Kritische Einordnung: Chancen und Risiken der Reform
Auch wenn Poilievres Vorschläge prinzipiell in Richtung größerer Transparenz und Rechenschaftspflicht gehen, bleiben Fragen offen. Es ist beispielsweise unklar, ob strengere Regeln tatsächlich verhindern können, dass informelle Einflussnahme weiterhin stattfindet. Ebenso könnte die Verpflichtung zu umfassenden Offenlegungen potenziell abschreckend auf qualifizierte Kandidaten wirken. Schließlich stellt sich auch die Frage, ob eine Umsetzung solcher umfassenden Reformen auf breiter politischer Basis realistisch ist.
Unstrittig bleibt jedoch: Der öffentliche Druck nach mehr Transparenz wächst — nicht nur in Kanada. Poilievres Entwurf könnte deshalb Signalwirkung weit über die Grenzen hinaus entfalten.
Poilievres Initiative: Ein Kontrast zum Kurs von Philipp Amthor
Interessanterweise steht Poilievres Vorstoß im krassen Gegensatz zu Entwicklungen in Deutschland, wo zuletzt der CDU-Politiker Philipp Amthor eine Initiative unterstützte, die auf eine Einschränkung des Informationsfreiheitsgesetzes (IFG) hinauslief. Während Poilievre Transparenz und Rechenschaftspflicht stärken möchte, hätte Amthors Ansatz Bürgerrechte und staatliche Transparenz eher eingeschränkt.
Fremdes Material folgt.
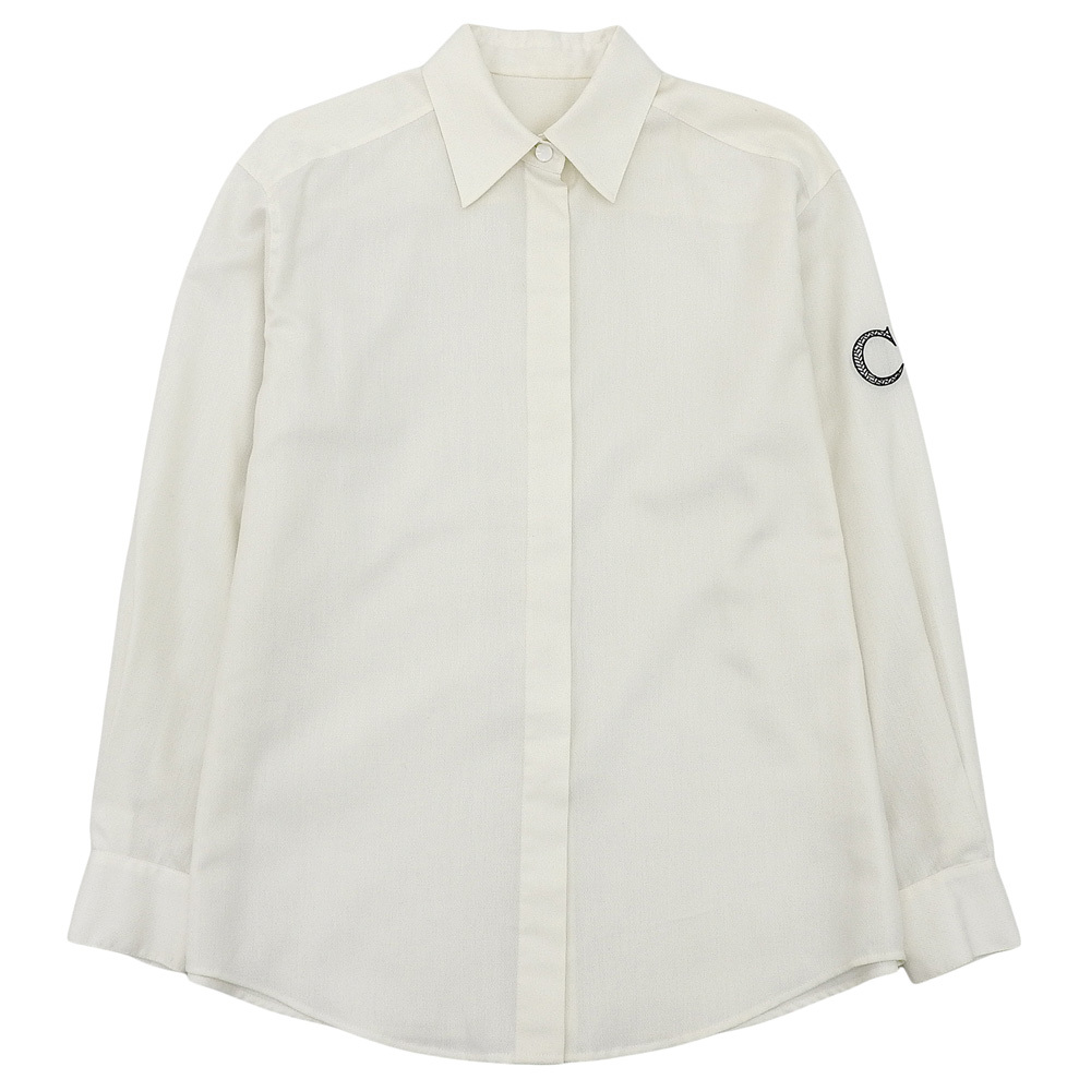 > CHRISTIAN DIOR クリスチャンディオール 袖CD刺繍 ブラウス トップス レディース オフホワイト 9 90’s ヴィンテージ

Gerade angesichts der zunehmenden Intransparenz im deutschen Politikbetrieb erscheint eine gesetzgeberische Initiative nach dem Vorbild des „Accountability Act 2.0“ auch hierzulande mehr als überfällig. Striktere Regeln für Lobbyismus, verpflichtende Offenlegungen und echte Sanktionen könnten das Vertrauen in politische Institutionen wieder stärken — bevor es weiter erodiert.
Fazit: Ein ambitionierter, aber notwendiger Schritt
Der „Accountability Act 2.0“ ist in seiner Ausgestaltung ambitioniert. Pierre Poilievre setzt damit ein klares Zeichen gegen Korruption, Intransparenz und unzulässige Einflussnahme. Ob und wie weit diese Reformen umgesetzt werden, bleibt abzuwarten. Fest steht jedoch: Eine Politik, die sich konsequent an den Prinzipien Transparenz und Rechenschaftspflicht orientiert, ist für jede Demokratie überlebenswichtig.